4 More Reasons Why You Should Have a Budget for Your Integration Business
Description
On this episode of ClearTalk, our President, Joel Harris, is once again joined by Eric Morris, CFO at Wayne Automatic for PART 2 of this discussion on why budgeting is important for the success of your integration business.
The pair also covers many best practices for using your budget as a tool throughout the year, as opposed to creating a budget and putting it on the shelf.
It may be a bit cliché, but they say that when you set goals, they need to be SMART, and it’s the same thing with your budget. Your budget needs to be Specific, Measurable, Achievable, Realistic and Time Centered.” Eric Morris
Our experts answer many important questions including:
- Why should you always be challenging your assumptions?
- How can an integration company build a revenue budget?
- Why is it important to triangulate your work against as many data points as possible
- Why you need to schedule budget review meetings
“Remember, budgeting is an iterative process, and nobody gets it right.
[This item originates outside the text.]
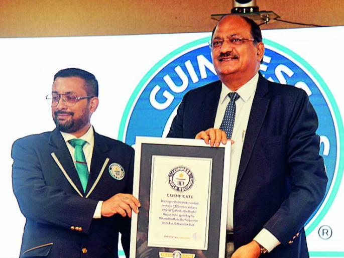 गिनीज बुक ऑफ वर्ल्ड रेकॉर्डच्या लंडन मुख्यालयातील जज आणि निर्णायक ऋषीनाथ यांनी मंगळवारी व्हीआयपी रोडवरील मेट्रो भवनमध्ये आयोजित समारंभात महामेट्रोचे व्यवस्थापकीय संचालक डॉ. बृजेश दीक्षित यांना गिनीज बुक ऑफ वर्ल्ड रेकॉर्डचे प्रमाणपत्र सोपविले. या यशाबद्दल याआधी एका समारंभात केंद्रीय मंत्री नितीन गडकरी यांनी एनएचएआय आणि महामेट्रो टीमचे अभिनंदन केले आहे.

We just keep after it and get a little bit better each time,” says Morris. “My company, like everyone else, still has a lot to learn, but we hope we get better with each turn of the crank.”
It’s important to be precise in your assumptions.
If you want to increase gross profits, how are you going to accomplish that?
Optimism is good, but slogans, like Buy Better, don’t help you increase gross profits. “You can’t assume that we can just magically work really hard so our gross margin will increase, and, by golly, we’re going to do better next year,” Morris reports. “You have to be realistic and keep challenging the assumptions.”
Our goal is that when you walk away from this podcast you will create a SMART budget for your integration business. “Because if you don't manage your business differently, the results are not going to be different,” says Harris.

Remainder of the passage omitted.